Ushahidi certainly started as ICT4D - its sole aim was to help those without a voice be heard. At the same time, it can be sold as ICT4$ as a tool for business to increase their profitability. Say Coke uses it to track stockouts or customer satisfaction - in Africa or Arkansas. I would cheer on that usage of Ushahidi just as much as Haitians did after their earthquake.

Neither ICT4D nor ICT4$ is perfect

Now Erik does point out that there are many development workers who parachute in, talk too much, then leave too quickly to have their projects make any real difference. The same can be said of a number of software developers too. We've all met arrogance in every field.

Erik also points out that many ICT4D projects are not financially sustainable - they exist as long as the grant funding does. The same can be said about startup companies. The current Silicon Valley metric is that only 20% of startups succeed. The World Bank says 30%-60% of theirs succeed.

Now we can argue what "success" means, but the greater point is that failure happens everywhere. We should not be ashamed of it - in fact we should celebrate failure. At least we're doing something.

ICT4D and ICT4$ should be symbiotic

I am firm believer that ICT4D has the same overall goals as ICT4$ - to do well by doing good. We are all here to make money, even if we do it different ways. And we want to feel good about our work, regardless of the end client.

So I wish Erik all the best in keeping his distance from ICT4D while a co-founder of a great ICT4D project. I remember a conversation we had once where he reminded me he is a web technology professional first, and made more from that than Ushahidi. I'll be the first to tell a venture capitalist that they should invest in his next startup, or in any African software developer's big dream. There is real money to be made in Africa. I support efforts like VC4Africa and Coded In Country every way I can. And I have certainly pitched the idea of investing in African companies to VC's before - often to jeers and laughter.

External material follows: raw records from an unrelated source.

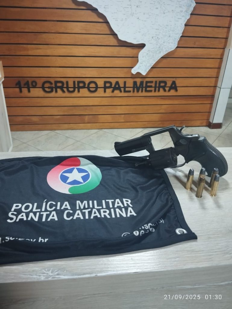 Na madrugada deste domingo (21), por volta de 0h36, a Polícia Militar Rodoviária prendeu um homem de 36 anos por porte ilegal de arma de fogo na SC-114, km 202, em Palmeira.
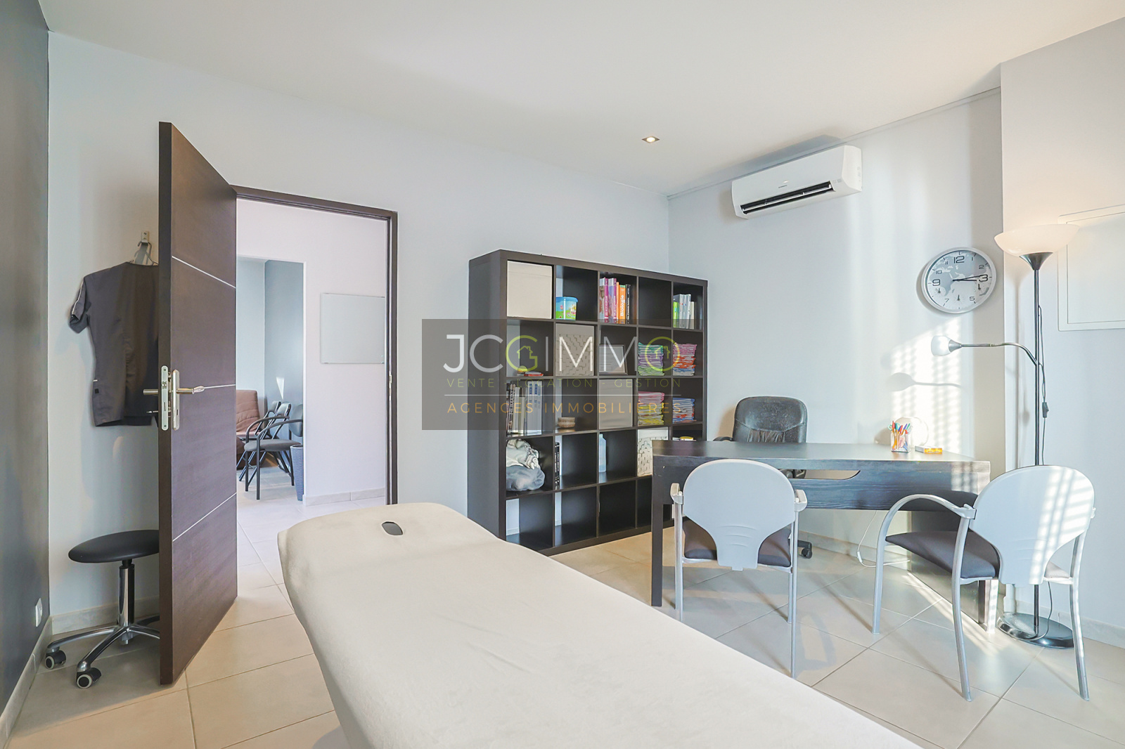 Accessible de plain-pied pour une surface de 35,9m² au total : Accueil, Salle d’attente, Bureau, Dégagement, Placard, WC indépendant.
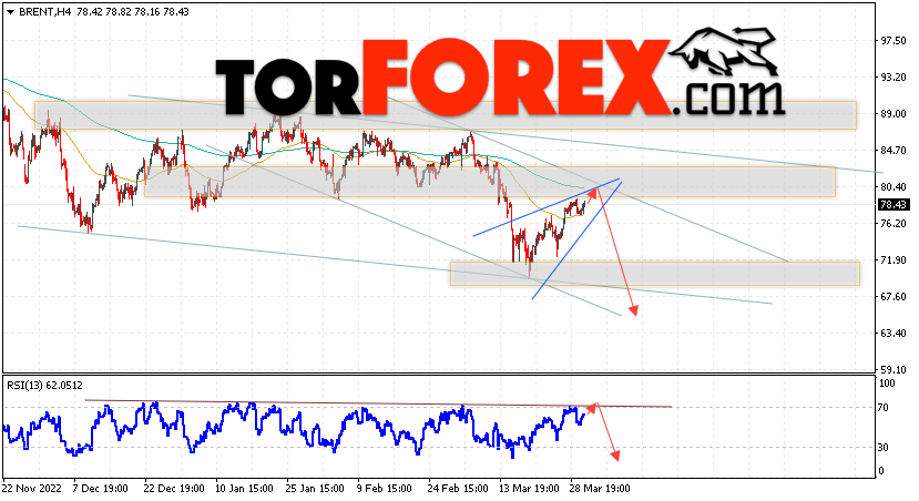 Таким образом, Аналитика и прогноз цен на нефть на 31 марта 2023 предполагает попытку теста уровня сопротивления вблизи области 80.35. Далее, продолжение падения нефти с целью ниже уровня 65.65. В пользу падения актива выступит тест линии тренда на индикаторе относительной силы. Отменой варианта снижения цены нефти Brent станет сильный рост и пробой уровня 83.75. Это укажет на продолжение подъёма котировок в область выше уровня 89.65.
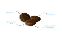 ANALYTICKÉ ZNAKY: Hrubý protein 25%, hrubé oleje a tuky 14%, hrubá vláknina 3,2%, hrubý popel 6,8%, vápník 1,1%, fosfor 0,85%, sodík 0,15%, vlhkost 10%, Metabolizovaná energie: 3780 kcal/kg.
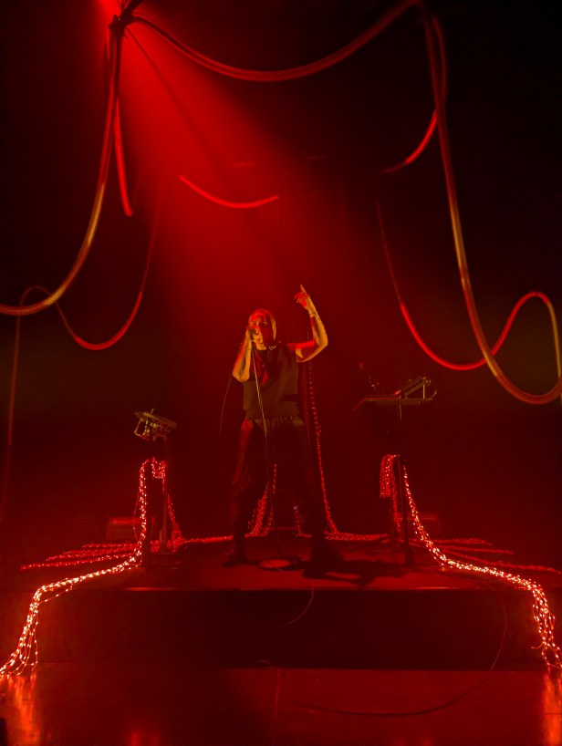 Comme à son habitude (pour nous une quatrième fois ce soir), Sierra Veins se produit seule sur scène, entre ses deux consoles, sur une plateforme dont elle n’hésite pas à descendre lorsqu’elle chante pour se rapprocher de son public. Les nouveaux décors la font apparaître encore plus déterminée mais l’infinie sincérité qui l’habite laisse transpercer une certaine fragilité, reflet de l’intégrité absolue avec laquelle elle nous livre ses émotions. La musique de Sierra Veins transforme les failles en victoires et offre à nos âmes torturées un point d’appui pour glisser vers l’acceptation de nos incohérences. Elle est pure, brute, douce et ténébreuse à la fois. Nous puisons dans les textures et les sonorités de ses morceaux autant de colère que d’apaisement, les deux s’équilibrant dans une transe parfaite.
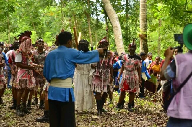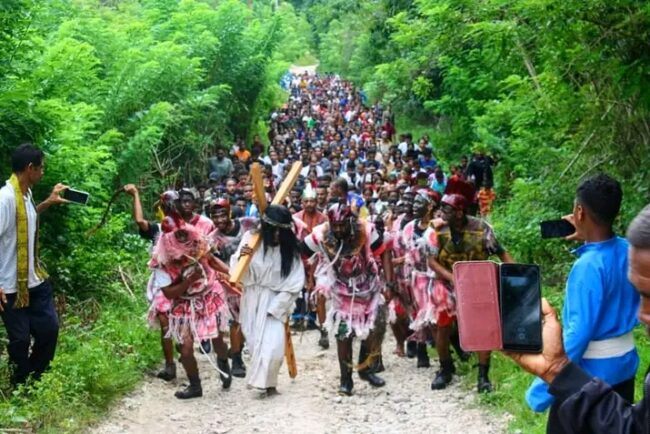 NTT, Binkari – THS-THM, PSHT dan Orang muda katolik (OMK) yang berada di stasi eokpuran, wilayah paroki Santa Maria Fatima Nurobo Dekenat malaka, keuskupan Atambua yang mengambil bagian dalam pentas jalan salib hidup, menggemar banyak kesaksian iman mereka melalui pentas jalan salib hidup.
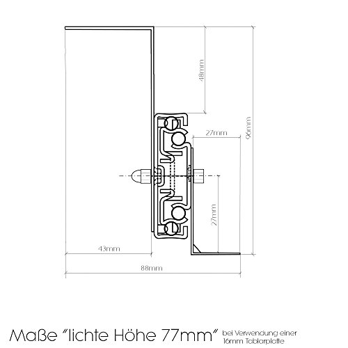 Altezza dei ripiani: 47, 57, 77 mm (dimensioni tra il bordo inferiore del tavolo e il bordo superiore del ripiano con una piastra da 16 mm di spessore). Profondità del ripiano: 400 mm (a seconda della profondità della piastra, si consiglia 400 mm).
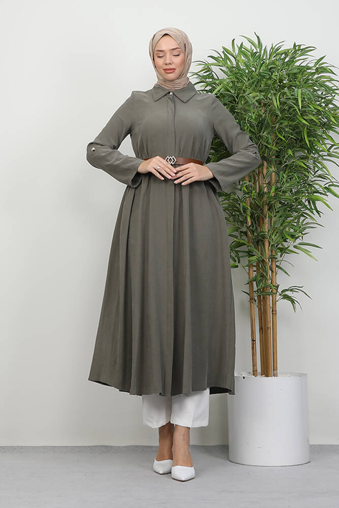 -AKSESUAR : Boydan düğmelidir. Kemerlidir.
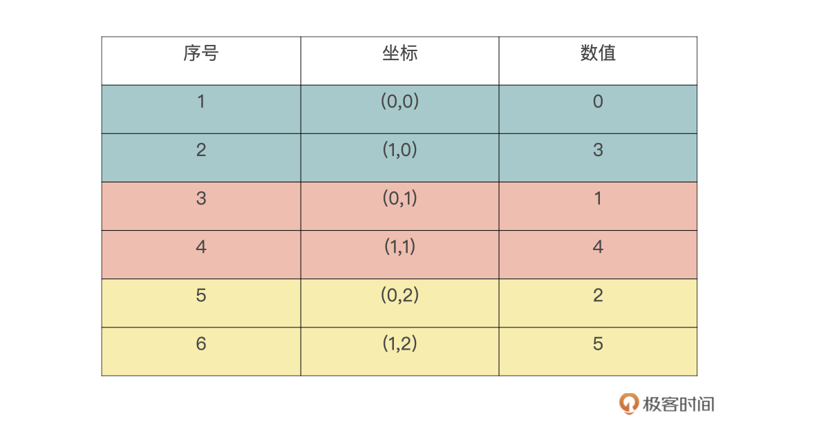 所以,reshape后的数组,是按照0,3,1,4,2,5这个序列进行写入数据的。reshape后的数组如下表所示,序号代表写入顺序,为了显示直观,我将相同行以同样颜色显示了。
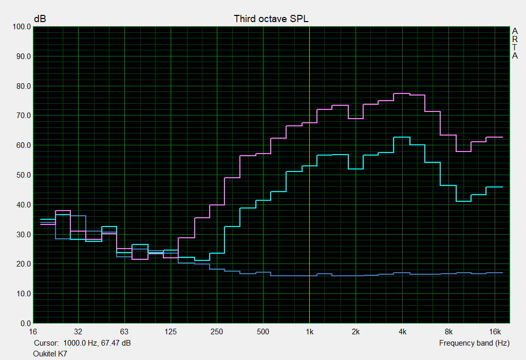 Il K7 ha un diffusore mono sorprendentemente buono. La qualità del suono è chiara e ricca, con buoni toni medi e anche toni bassi passabili. L'altoparlante nel nostro dispositivo di prova raggiunge un massimo di 84,7 dB(A), che dovrebbe essere abbastanza alto nella maggior parte delle situazioni. Nel complesso, l'altoparlante è abbastanza buono per la riproduzione musicale, che è una rarità per un dispositivo da 190 € (~ $216).
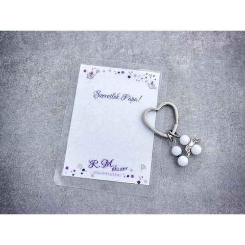 Számotokra állítottunk össze egy kedves meglepetést!"Szeretlek, Papa!"feliratos ajándékkártya tejkvarc kulcstartóvalA kulcstartót a kártyával együtt kapjátok meg!A köszönő csomag tartalma: 1 db tejkvarc díszes kulcstartó 1 db köszönő kártyaVan, amikor nehéz szavakat találni, vagy egészen egyszerűen hangok nélkül szeretnénk kifejezni a gondolatainkat, érzéseinket. Ebben segítenek kívánság vagy köszönő kártyáink, melyek a kiválasztott kulcstartóval együtt csodálatos ajándékok lehetnek. A laminált kívánság kártya mérete 110×80 mm.Amit a tejkvarcról érdemes tudnod:Segít felidézni gyermeki énünket, utat nyit az ártatlanság, a lelkesedés felé. A gyermeki ártatlanság, és előítélet mentes kíváncsiságával fedezhetjük fel újra a világot. Erősíti az életbe vetett hitet, feloldja a szomorúságot, bánatot. Serkenti az empátiát és együttérzést. Rendkívüli nyugtató kő, harmonizálja az energiákat, elűzi a kétségeket, segít a „szívvel” látni. Harmonizáló hatásának köszönhetően csillapítja a hangulatváltozások okozta depresszív érzéseket, segíti a tudatos irányítás kifejlesztését. Stabilizálja a lelki egyensúlyt, kiváló segítség átmeneti időszakokban, mint pl. a változó kor. Segít visszaemlékezni céljaidra, tiszta vágyaidra, melyeket a napi rutin eltompított. Feloldja a korlátokat, segíti a tanulást, szövegértést, javítja a memóriát. Segíti a nyugodt alvást, és kellemes álmokat hoz. Lehet párosítani Rózsakvarccal, vagy Lepidolittal a kellemes, kikapcsolódást segítő pihenés érdekében. A számítógép monitora elé helyezve elnyeli a káros sugárzásokat.Testi gyógyhatások:Segíti a nyugodt, pihentető alvást. Serkenti az immunrendszert, kiegyensúlyozza a csakrák működését. Gyógyhatását kifejti a női ivarszervekre, oldja a szexuális zavarokat.Lelki gyógyhatások:Nyugtató hatásával elősegíti a meditatív állapot elérését, oldja a mentális blokkokat. Kiváló segítség érzelmi blokkok oldásához. Elősegíti a kommunikációt a Felsőbb Énnel és a szellem vezetőkkel.Figyelem! Az ásványokat, kristályokat az őskor óta használják a test, a lélek és az érzelmek harmonizálására. Az ókori kultúrákban kifejezetten elterjedtek voltak. Az évezredek alatt számtalan tudás és tapasztalat gyűlt össze róluk. Ásvány ékszereink leírásánál a meghatározó szakirodalom alapján készült összegzések olvashatók. Fontos! Az ásvány ékszerek viselése, az ásványok és kristályok gyógyításban, alternatív terápiaként való használata nem helyettesíti a modern orvostudományt, a gyógyszeres kezelést. Betegség esetén az öngyógyítás helyett kérjük, forduljon szakemberhez!
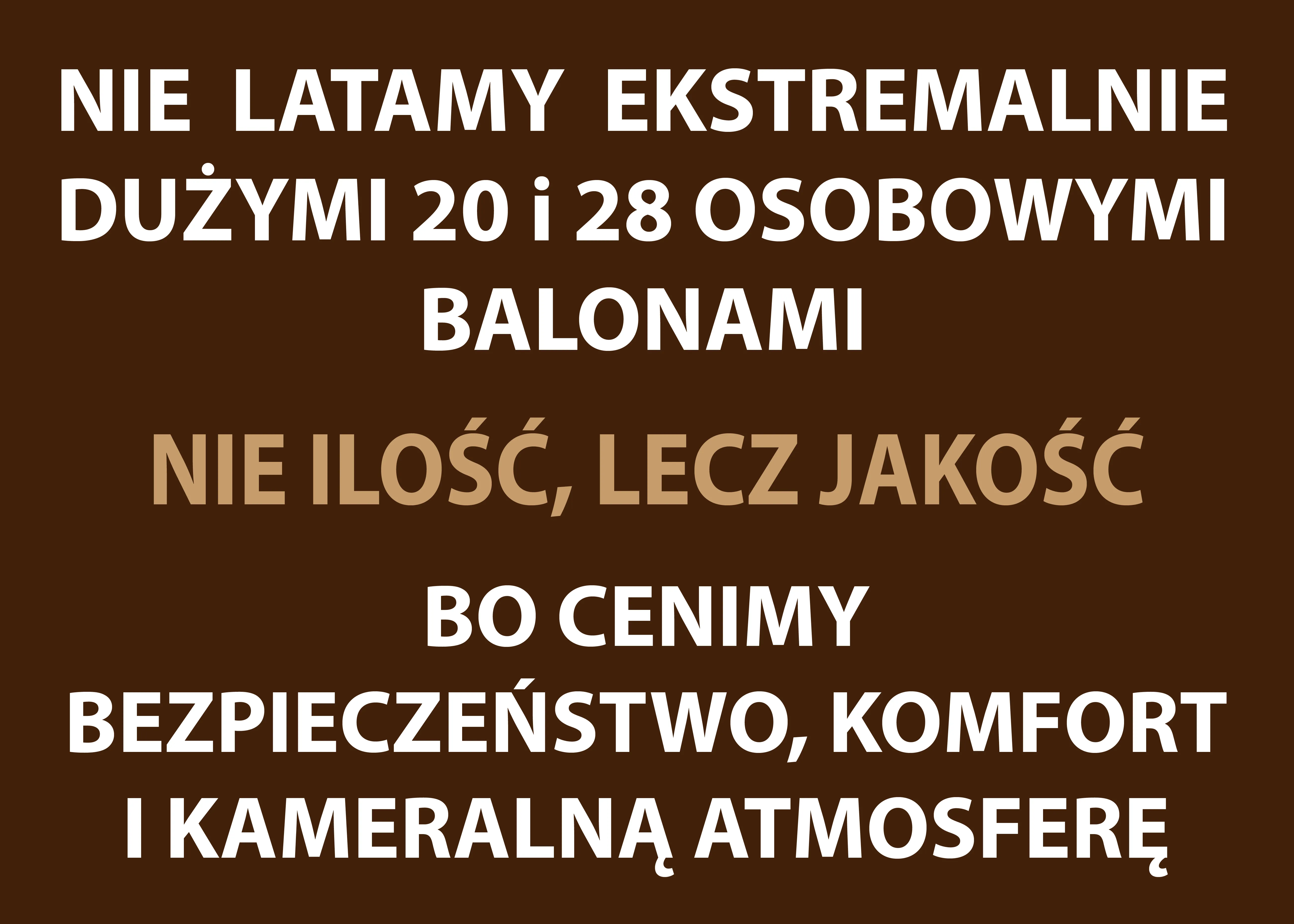 UWAGA: Loty balonem, mimo że są jedną z najbezpieczniejszych przygód lotniczych, wywołują niemal u każdego wzmożone emocje i podnoszą poziom adrenaliny. Z tego powodu nie zalecamy ich pasażerom odczuwającym paniczny lęk przed lataniem, kobietom w zaawansowanej (powyżej 3 miesiąca) lub zagrożonej ciąży oraz osobom którym lekarze zalecili unikanie nadmiernych emocji.
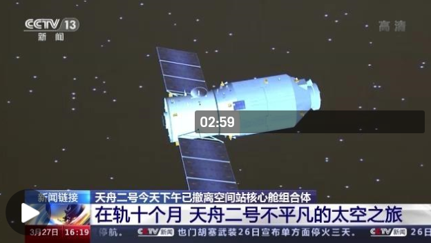 北京航天飛行控制中心貨運飛船任務總師 鄒雪梅:實驗完成了以后,天舟二號按計劃要實施離軌,我們目前是兩次的這樣一個離軌的控制,最終在受控的狀態下再入到南太平洋,在再入過程當中會徹底解體燒毀,不會對地面、海面的這些設施、船只帶來影響。
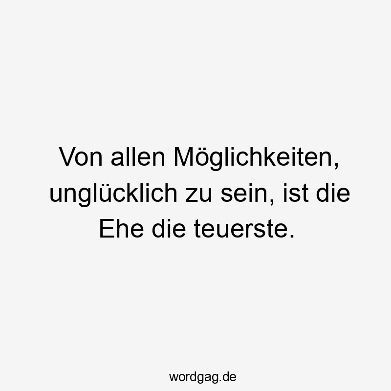 Von allen Möglichkeiten, unglücklich zu sein, ist die Ehe die teuerste.
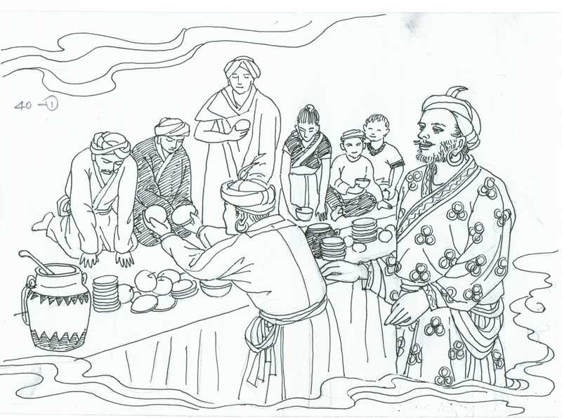 Li do konstruis manĝejojn ĉe la kvar pordoj norda, orienta, suda kaj okcidenta de la urbo. En la manĝejoj li senpage donacis manĝaĵon al ĉiuj laŭ la bezono. Li famiĝis pro sia malavareco, kaj kiel oni sciis, li kaj liaj subuloj ankaŭ estis praktikantoj de la kvin trejnaj ŝtupoj.
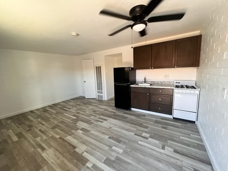 August 5, 2015these apartments are a little on the old side but completely remodeled...they look very good when you first walk in..they are studio apartments...basically one big room..half linoleum kitchen side with gas stove and half carpet..living room side...nice big a/c..a big walk in closet and bathroom..there are two identical one story buildings...side by side..eight apartments to a building...thing I like best about these studios is...mostly brick walls..interior brick walls...very uncommon...the ...walls separating apartments are brick which absorb sound better..however...rent has gone up twice in three years by..$80...$469 mo. .electric is not included...only bad thing worth mention...some wall deterioration in bath...needs repair..and door needs weather stripping..they are close to ...mill ave section by a.s.u...where all the shops are..Leer MásReseña de Apartments.com
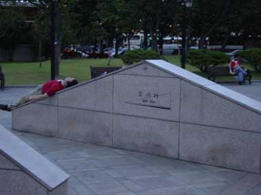 | デグは駅舎とバスターミナルがかなり近い場所にあってその中心になる位置に小さな公園があって噴水の周りに座って本を読んだり、ボケーっと座ってたり出来るようになってました。 これはその公園にあった妙なオブジェー(?)。東西南北を示す印の周りに世界の色んな都市までの距離が書かれていました。赤いおじさん(?)が寝ているのは「大阪880km」と書いてある石の上です。^^;。しかし何故に大阪? |
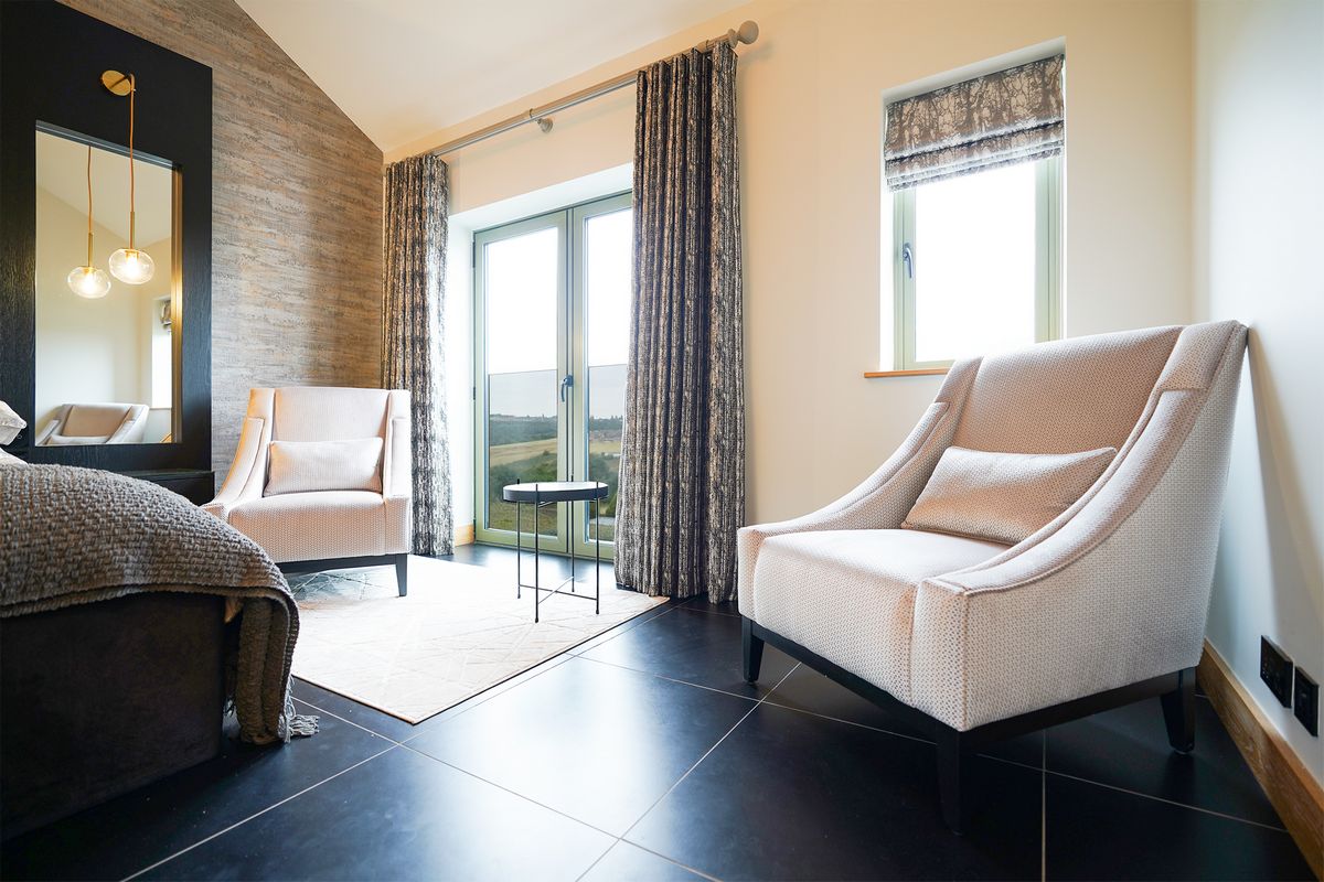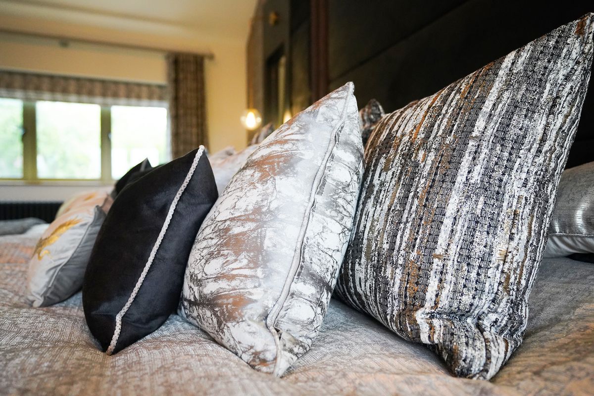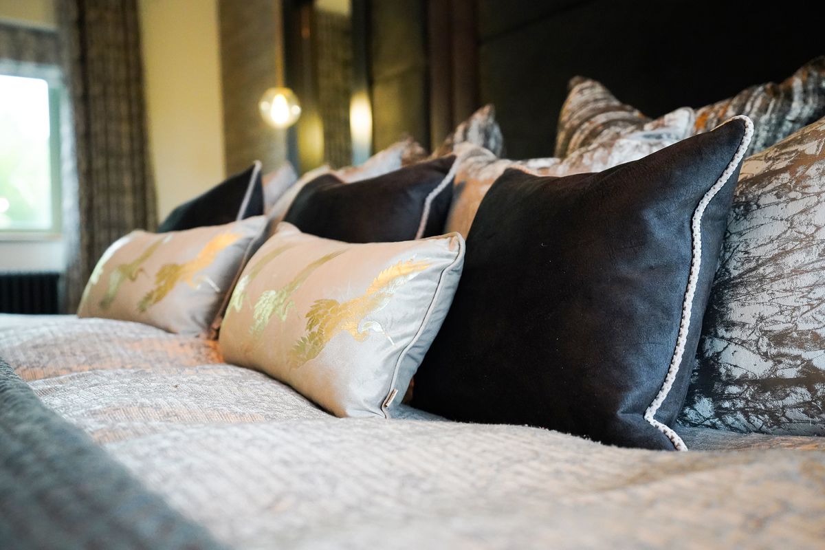 To create a bedroom that felt like a hotel, a big bed was important and they knew they wanted a headboard. They also wanted some seating if possible and a dressing table area along with curtains.

But VC's dismissal of African opportunities hasn't stopped me from investing my time and efforts into a nonprofit tech startup, Inveneo, which is combining the best of ICT4D and ICT4$ the best we can. We sell our consulting services, we sell hardware, and gladly take grants and donations. We are certainly mercenary in our business approach - there are no "charity" projects. Yet our services are all designed to do good while we do well.

We work through local ICT companies, who often make much more than us on projects, and a few have even grown larger and more profitable than Inveneo itself. We do not "parachute" anywhere - if a project is not designed sustainably, we don't do it (yes, we have walked away from projects and left cash on the table). And we tirelessly promote good ICT4D practices, because Erik is right, "ICT4D" can be a loaded term to some.

I work every day to make sure the load "ICT4D" carries is a positive one that benefits those who need it the most, first. I ask you and he to do the same.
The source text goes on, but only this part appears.